Он смотрел на меня в упор, но я так и не знаю, не сливался ли я для него с предметами домашней обстановки, привычными безмолвными поверенными его признаний. Нет! Он меня не видел! Одним только желанием убедить меня невозможно было бы объяснить его душераздирающий взгляд. Это против самого себя, против чего-то в самом себе, сотни раз подавленного, сотни раз побежденного, но все еще неусмиренного, восставал он во весь свой рост у меня на глазах, на это обрушивал всю свою силу, подобно человеку, борющемуся за жизнь. Как же глубока была эта душевная рана! Он словно раздирал себя собственными руками.

- Мне, ты ведь меня знаешь, - сказал он, - очень хотелось бы проповедовать бедным бунт. Или, точнее, вовсе ничего не проповедовать. Охотнее всего я взял бы одного из этих так называемых "борцов", торговцев фразой, игроков в революцию, и показал бы ему, что такое настоящий фламандец. У нас, фламандцев, мятеж в крови.
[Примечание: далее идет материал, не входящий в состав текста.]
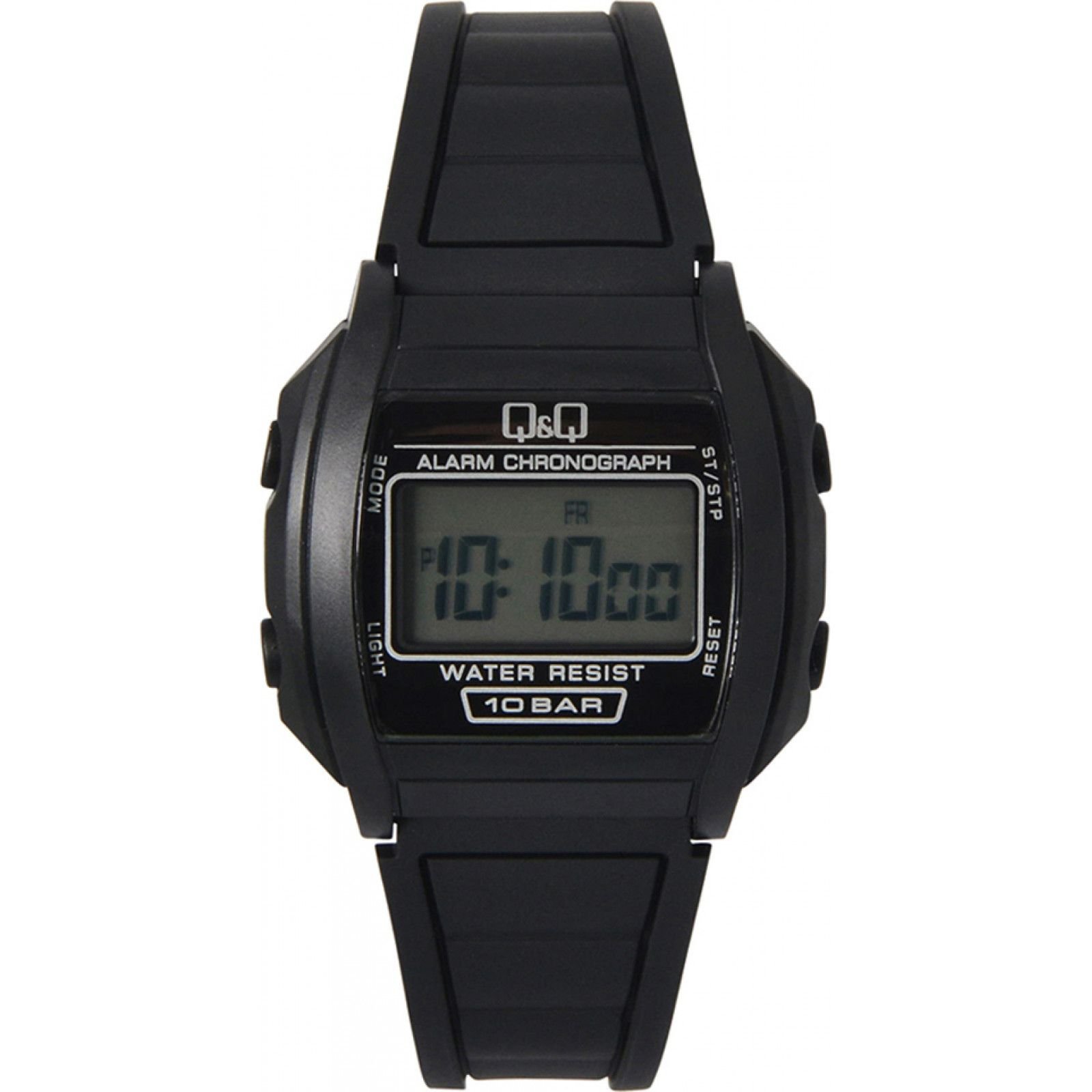 Stylish black quartz watch from Q&Q, featuring a digital display and water resistance up to 10 bar. Ideal for everyday wear and outdoor activities.

Вспомни нашу историю! Благородные и богатые нас никогда не страшили. Слава богу, теперь я уже могу в этом признаться, - как я ни силен, какой я ни крепкий мужчина, Господь уберег меня от чересчур нестерпимых искушений плоти. Но несправедливость и людские невзгоды - вот что распаляет мою кровь. Сейчас все это в прошлом, но ты не можешь себе представить... Вот возьми, например, знаменитую энциклику Льва Тринадцатого "Rerum Novarum", вы теперь читаете ее спокойно, как ни в чем не бывало, проглядываете, словно рядовое великопостное послание. А у нас в свое время, мой милый, земля содрогнулась под ногами. Какой энтузиазм! Я был тогда приходским священником в Норанфонте, в самом сердце шахтерского края. Такая простая вещь, как идея, что труд не товар, покорный закону спроса и предложения, что нельзя спекулировать на заработной плате, на жизни людей, как на пшенице, сахаре или кофе, потрясала сознание, поверишь ли? Из-за того, что я объяснял это с кафедры моим прихожанам, я прослыл социалистом, и благонамеренные крестьяне добились моего перевода, как опального, в Монтре. На опалу мне было плевать, пойми. Но в ту минуту...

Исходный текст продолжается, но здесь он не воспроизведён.